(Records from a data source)
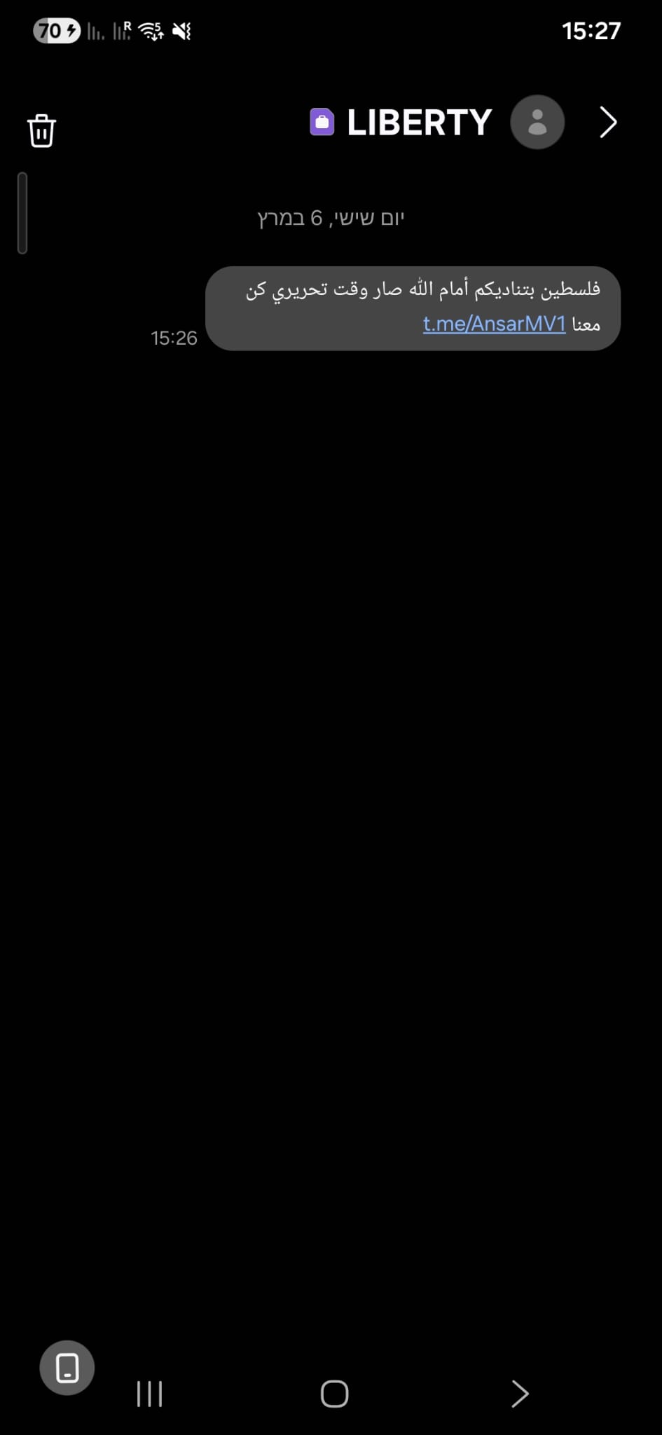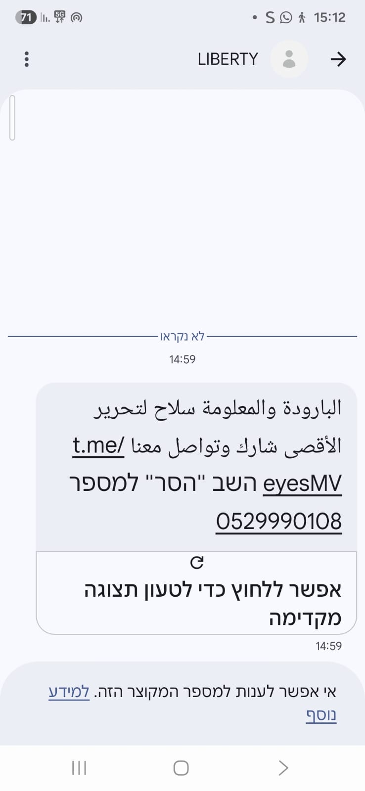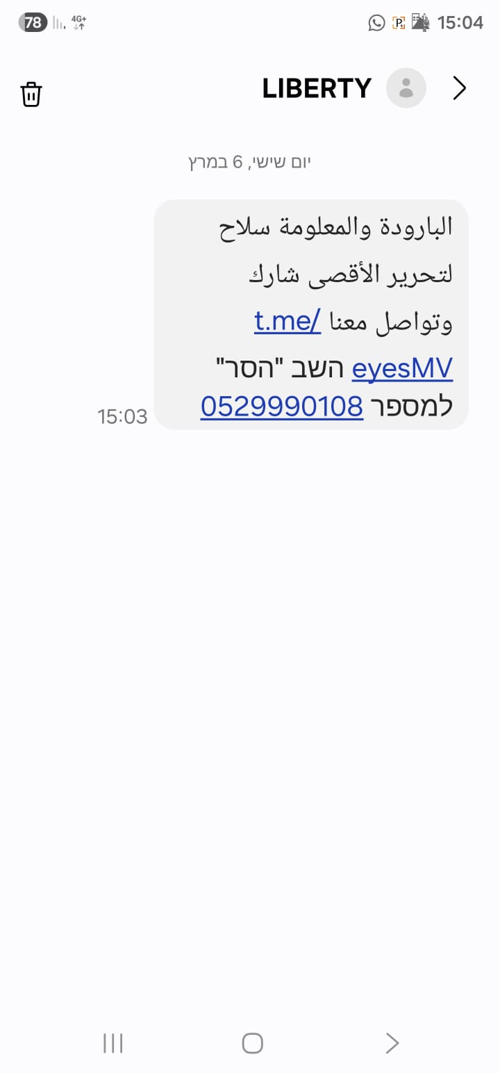 افاد اهال من سكان منطقة الشمال انهم تلقوا في الساعات الأخيرة رسائل نصية قصيرة غريبة تحتوي على شعارات "لتحرير الأقصى".
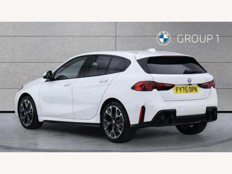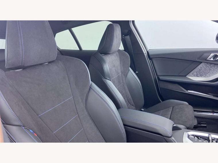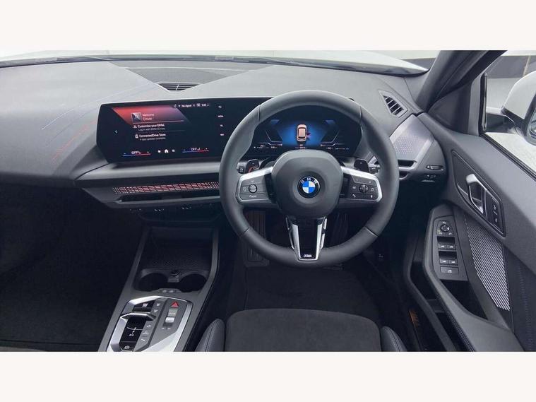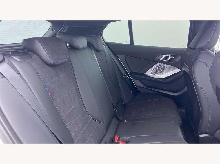 Active guard plus, Attentiveness assist, Bluetooth / WiFi interface for wireless connection of mobile terminal devices and audio streaming, BMW ConnectedDrive online services, BMW Live cockpit plus, BMW Teleservices, Check Control warning system for monitoring of lights and door/luggage compartment open warning, Eco pro mode, Electric power steering with Servotronic steering optimised at all speed ranges, Evasion assistant, Flat airvents in instrument panel with adjustable slats, Front and rear parking sensors, Front axle single joint with specific axle kinematics to minimise drive influences on steering + provide increased rigidity agile driving behaviour, Gearshift time display in manual mode, Integrated owners handbook, Left turn warning with brake function, My modes (Personal / Efficient / Sport), Oil sensor for level and grade, On board computer, Optimum shift indicator, Park assist including reversing assistant, lateral parking aid and reversing assist camera, Personal e-SIM, Personal Profile, Pull away assistant, Rigidly mounted rear subframe - Multi link construction with separate spring / damper configuration and excellent driving characteristics, Speed limit Info including no-overtaking indicator, Speed limiter, 49 litre fuel tank, Aluminium lightweight construction, Anti roll bar front and rear, Balancer shaft, Double VANOS twin scroll turbocharging system, Drive Performance Control, Electronic differential lock, Electronic selector lever, High precision injection, M Adaptive suspension, Petrol Particulate Filter, Steptronic transmission with double clutch, Twin tube gas filled shock absorbers with degressive characteristic curve, VALVETRONIC engine management, DAB Digital radio, Auto dimming rear view mirror, Automatic windscreen wipers and automatic headlight, Body colour door handles, Body colour roof trims, Chrome 'M' logo side designation, Chrome exhaust twin tailpipes round 90mm in left, Chrome kidney grille frame with Satin Aluminium struts, Direction indicator side lights in exterior mirrors, Electrically adjustable exterior mirror with mirror adjustment switch on drivers armrest and aspheric on driver side, convex on passenger side, Exterior M sport design elements, Fading support, Folding side mirrors with auto dimming/folding wing mirrors with auto dimming, Follow me home headlights, Front and rear bumper system with replaceable deformation elements, Front and rear electric windows with open and close fingertip control, anti trap facility and comfort closing, Front bumper panel with M specific design in vehicle colour with inserts in black high gloss, Front door sill finishers in black plastic with M designation in metallic look, Green tinted heat protection glazing, Heated rear window, High gloss black exterior mirrors, High gloss shadowline window frame, Recess cover mirror frames and B/C pillar embelisher trim, High level third brake light, Integrated front windscreen with washer jets, LED daytime running lights, LED eyebrow turn indicators, LED front fog lights, LED Headlights, Lightweight engineering, Matt black air guide grilles, Matt black wheel arch trim, Model badge on tailgate right, Nearside reverse light in rear light cluster, Preparation for high beam assistant, Rain sensor, Rear bumper panel with M-specific design in vehicle colour with inserts in black high gloss, Rear fog lights, Rear side wing doors, Rear window wiper, Shark fin antenna, Side sill covers with M specific design in body colour, Trailer stabilisation logic, Visible VIN plate, Welcome lighting, 12V power socket in front centre console with blanking plug, 3 rear seat head restraints, 3 seat bench in 2nd row, 3 spoke sports leather steering wheel with black leather and stitching, pearl chrome decorative finish, specific M Badge, Anthracite front and rear floor mats, Anthracite headlining, Black boot net with lashing eyes, Cargo function on 2nd seat row, Child seat ISOFIX attachment for two outer rear seats and front passenger seat with anchorage points, Conditioned based service, Driver and front passenger backrest net on rear, Driver and front passenger seat heating, Driver side folding compartment in instrument panel, Folding rear clothes hook, Footrest and pedals in black plastic, Four grab handles integrated in roof lining, Front and rear door pockets with bottle holders, Front and rear side armrest integrated into door trim, Front armrest with storage compartment, Gearshift paddles on steering wheel, Glove compartment, Height adjustable front head restraints, Luggage compartment for bag hooks on left and right, foldable luggage compartment liner and four lashing eyelets, Manual adjust steering wheel, Multi-function controls for steering wheel, Rear seat backrest with manual 60:40 split folding with 3 top tether clips integrated on rear of seat panels, Single front passenger seat, Storage compartment in centre console, Storage compartment in luggage compartment, Stowage of the parcel shelf in luggage compartment trim, Sun visors with vanity mirrors and insert tab, Two front centre console cupholders, Type C two USB ports in rear centre console, Upper retaining strap integrated into backrest rear panels, Connected pack professional - 1 Series, Interior lights pack - 1 Series, M Sport exterior styling aerodynamics pack - 1 Series, 2 tone horn, 3 point seatbelts on all seats, front pyrotechnic belt tensioners, stopper and belt force limiters, rear coded belt buckles, Airbags - Front driver/passenger, front and rear curtain head protection, front side, manual deactivation of front passenger airbag, Anti lock braking system (ABS) with brake assist, BMW emergency call, Brake drying, Braking readiness, Child proof locking system in rear door, Comfort modes, Cornering brake control, Crash sensor activating of airbags, Unlocking doors, hazard warning lights, interior light, safety battery terminal, Driver and front passenger seat belt security check, Dynamic stability control + (DSC+), Dynamic
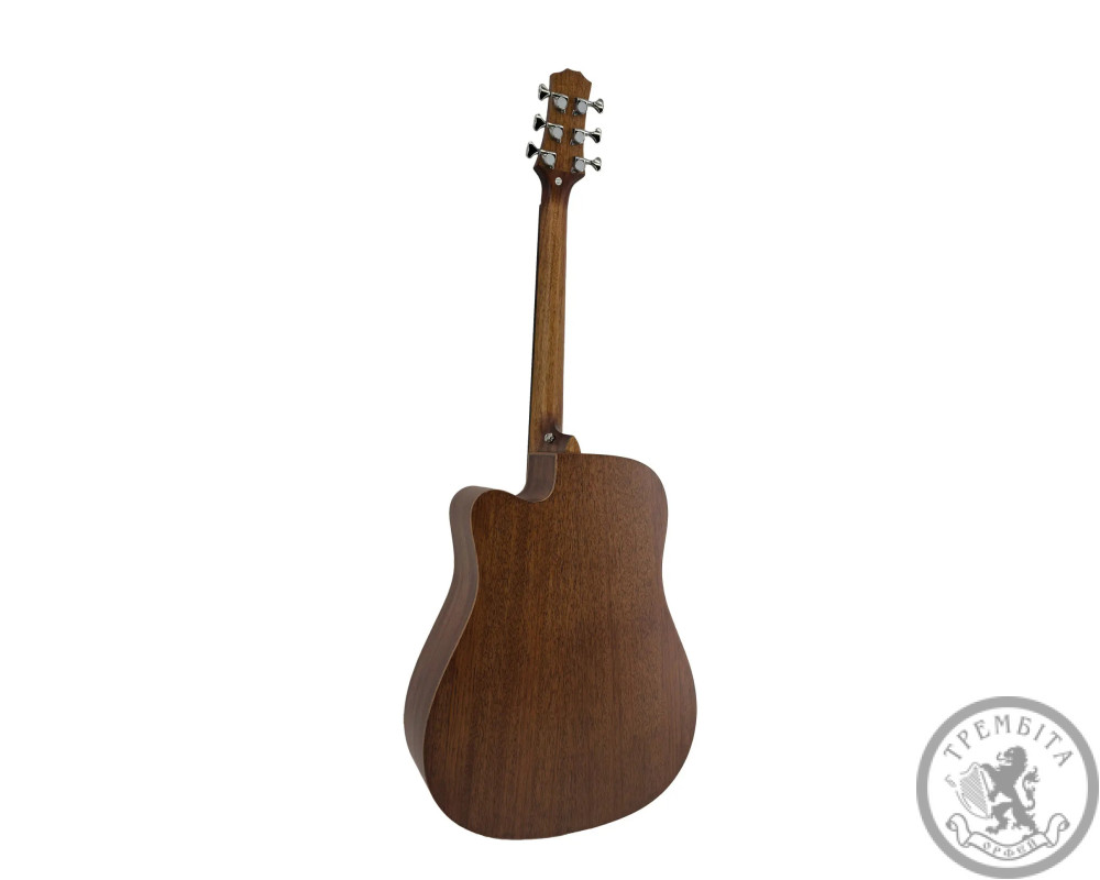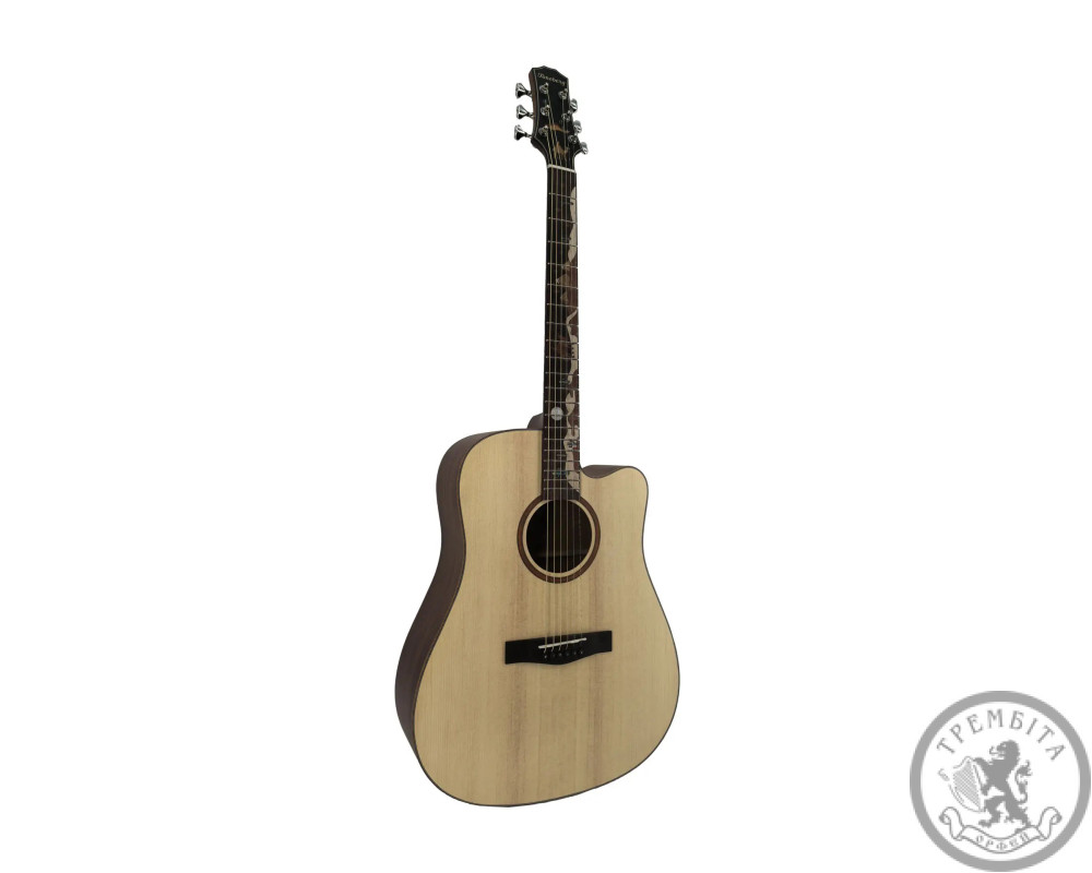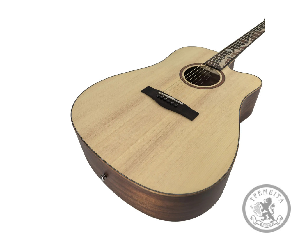 Корпус розміром 41 дюйм призначений для повного, потужного звучання з хорошим резонансом. Верхня дека поєднує масив ялини та махаґоні, даруючи баланс між дзвінкою чіткістю та глибоким теплим тоном. Задня частина та боковини з ламінованого махаґоні підсилюють цей ефект, роблячи звук виразним, але не агресивним. Глянцева поверхня надає інструменту яскравості, а палісандрова накладка на гриф забезпечує комфорт і точність у грі.
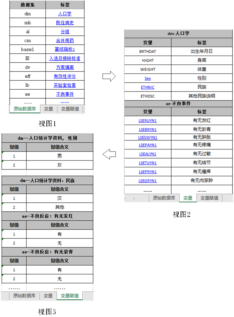 数据说明文件用于描述原始数据库和分析数据库的内容和结构,是助于审阅者快速了解数据库中各数据集、变量及其相互间的结构关系,准确理解递交的数据内容。建议采用Excel文件,以表格的形式列明原始数据库和分析数据库中所含的数据集、变量、变量类型(如字符型、数值型)、标签、赋值及其对应关系。为了便于审阅,数据集和变量应具有相应的中文标签,标签长度不宜过长。若使用了外部词典(如MedDRA),应明确使用的外部词典名称和版本号。
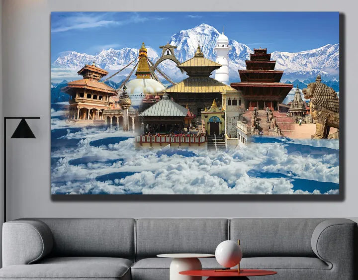 Nepali Cultural Heritage Temple Canvas With Wooden Framming For Wall/Home/Living Room Decoration (24inch by 18inch)
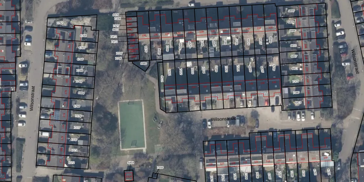 Het perceel waarop Wilsonstraat 156 staat heeft een oppervlakte van 181 m². Dit is een middelgroot perceel. De perceeloppervlakte wordt geregistreerd door het Kadaster. Gedetailleerde informatie over de maten van dit perceel kunt u vinden in het rapport Kadastrale kaart met maatvoering van Wilsonstraat 156.

• [WORK REQUIRED] Transcribe every entry above exactly as it stands, but skip the images.

• [SOLUTION]
 افاد اهال من سكان منطقة الشمال انهم تلقوا في الساعات الأخيرة رسائل نصية قصيرة غريبة تحتوي على شعارات "لتحرير الأقصى".
 Active guard plus, Attentiveness assist, Bluetooth / WiFi interface for wireless connection of mobile terminal devices and audio streaming, BMW ConnectedDrive online services, BMW Live cockpit plus, BMW Teleservices, Check Control warning system for monitoring of lights and door/luggage compartment open warning, Eco pro mode, Electric power steering with Servotronic steering optimised at all speed ranges, Evasion assistant, Flat airvents in instrument panel with adjustable slats, Front and rear parking sensors, Front axle single joint with specific axle kinematics to minimise drive influences on steering + provide increased rigidity agile driving behaviour, Gearshift time display in manual mode, Integrated owners handbook, Left turn warning with brake function, My modes (Personal / Efficient / Sport), Oil sensor for level and grade, On board computer, Optimum shift indicator, Park assist including reversing assistant, lateral parking aid and reversing assist camera, Personal e-SIM, Personal Profile, Pull away assistant, Rigidly mounted rear subframe - Multi link construction with separate spring / damper configuration and excellent driving characteristics, Speed limit Info including no-overtaking indicator, Speed limiter, 49 litre fuel tank, Aluminium lightweight construction, Anti roll bar front and rear, Balancer shaft, Double VANOS twin scroll turbocharging system, Drive Performance Control, Electronic differential lock, Electronic selector lever, High precision injection, M Adaptive suspension, Petrol Particulate Filter, Steptronic transmission with double clutch, Twin tube gas filled shock absorbers with degressive characteristic curve, VALVETRONIC engine management, DAB Digital radio, Auto dimming rear view mirror, Automatic windscreen wipers and automatic headlight, Body colour door handles, Body colour roof trims, Chrome 'M' logo side designation, Chrome exhaust twin tailpipes round 90mm in left, Chrome kidney grille frame with Satin Aluminium struts, Direction indicator side lights in exterior mirrors, Electrically adjustable exterior mirror with mirror adjustment switch on drivers armrest and aspheric on driver side, convex on passenger side, Exterior M sport design elements, Fading support, Folding side mirrors with auto dimming/folding wing mirrors with auto dimming, Follow me home headlights, Front and rear bumper system with replaceable deformation elements, Front and rear electric windows with open and close fingertip control, anti trap facility and comfort closing, Front bumper panel with M specific design in vehicle colour with inserts in black high gloss, Front door sill finishers in black plastic with M designation in metallic look, Green tinted heat protection glazing, Heated rear window, High gloss black exterior mirrors, High gloss shadowline window frame, Recess cover mirror frames and B/C pillar embelisher trim, High level third brake light, Integrated front windscreen with washer jets, LED daytime running lights, LED eyebrow turn indicators, LED front fog lights, LED Headlights, Lightweight engineering, Matt black air guide grilles, Matt black wheel arch trim, Model badge on tailgate right, Nearside reverse light in rear light cluster, Preparation for high beam assistant, Rain sensor, Rear bumper panel with M-specific design in vehicle colour with inserts in black high gloss, Rear fog lights, Rear side wing doors, Rear window wiper, Shark fin antenna, Side sill covers with M specific design in body colour, Trailer stabilisation logic, Visible VIN plate, Welcome lighting, 12V power socket in front centre console with blanking plug, 3 rear seat head restraints, 3 seat bench in 2nd row, 3 spoke sports leather steering wheel with black leather and stitching, pearl chrome decorative finish, specific M Badge, Anthracite front and rear floor mats, Anthracite headlining, Black boot net with lashing eyes, Cargo function on 2nd seat row, Child seat ISOFIX attachment for two outer rear seats and front passenger seat with anchorage points, Conditioned based service, Driver and front passenger backrest net on rear, Driver and front passenger seat heating, Driver side folding compartment in instrument panel, Folding rear clothes hook, Footrest and pedals in black plastic, Four grab handles integrated in roof lining, Front and rear door pockets with bottle holders, Front and rear side armrest integrated into door trim, Front armrest with storage compartment, Gearshift paddles on steering wheel, Glove compartment, Height adjustable front head restraints, Luggage compartment for bag hooks on left and right, foldable luggage compartment liner and four lashing eyelets, Manual adjust steering wheel, Multi-function controls for steering wheel, Rear seat backrest with manual 60:40 split folding with 3 top tether clips integrated on rear of seat panels, Single front passenger seat, Storage compartment in centre console, Storage compartment in luggage compartment, Stowage of the parcel shelf in luggage compartment trim, Sun visors with vanity mirrors and insert tab, Two front centre console cupholders, Type C two USB ports in rear centre console, Upper retaining strap integrated into backrest rear panels, Connected pack professional - 1 Series, Interior lights pack - 1 Series, M Sport exterior styling aerodynamics pack - 1 Series, 2 tone horn, 3 point seatbelts on all seats, front pyrotechnic belt tensioners, stopper and belt force limiters, rear coded belt buckles, Airbags - Front driver/passenger, front and rear curtain head protection, front side, manual deactivation of front passenger airbag, Anti lock braking system (ABS) with brake assist, BMW emergency call, Brake drying, Braking readiness, Child proof locking system in rear door, Comfort modes, Cornering brake control, Crash sensor activating of airbags, Unlocking doors, hazard warning lights, interior light, safety battery terminal, Driver and front passenger seat belt security check, Dynamic stability control + (DSC+), Dynamic
 Корпус розміром 41 дюйм призначений для повного, потужного звучання з хорошим резонансом. Верхня дека поєднує масив ялини та махаґоні, даруючи баланс між дзвінкою чіткістю та глибоким теплим тоном. Задня частина та боковини з ламінованого махаґоні підсилюють цей ефект, роблячи звук виразним, але не агресивним. Глянцева поверхня надає інструменту яскравості, а палісандрова накладка на гриф забезпечує комфорт і точність у грі.
 数据说明文件用于描述原始数据库和分析数据库的内容和结构,是助于审阅者快速了解数据库中各数据集、变量及其相互间的结构关系,准确理解递交的数据内容。建议采用Excel文件,以表格的形式列明原始数据库和分析数据库中所含的数据集、变量、变量类型(如字符型、数值型)、标签、赋值及其对应关系。为了便于审阅,数据集和变量应具有相应的中文标签,标签长度不宜过长。若使用了外部词典(如MedDRA),应明确使用的外部词典名称和版本号。
 Nepali Cultural Heritage Temple Canvas With Wooden Framming For Wall/Home/Living Room Decoration (24inch by 18inch)
 Het perceel waarop Wilsonstraat 156 staat heeft een oppervlakte van 181 m². Dit is een middelgroot perceel. De perceeloppervlakte wordt geregistreerd door het Kadaster. Gedetailleerde informatie over de maten van dit perceel kunt u vinden in het rapport Kadastrale kaart met maatvoering van Wilsonstraat 156.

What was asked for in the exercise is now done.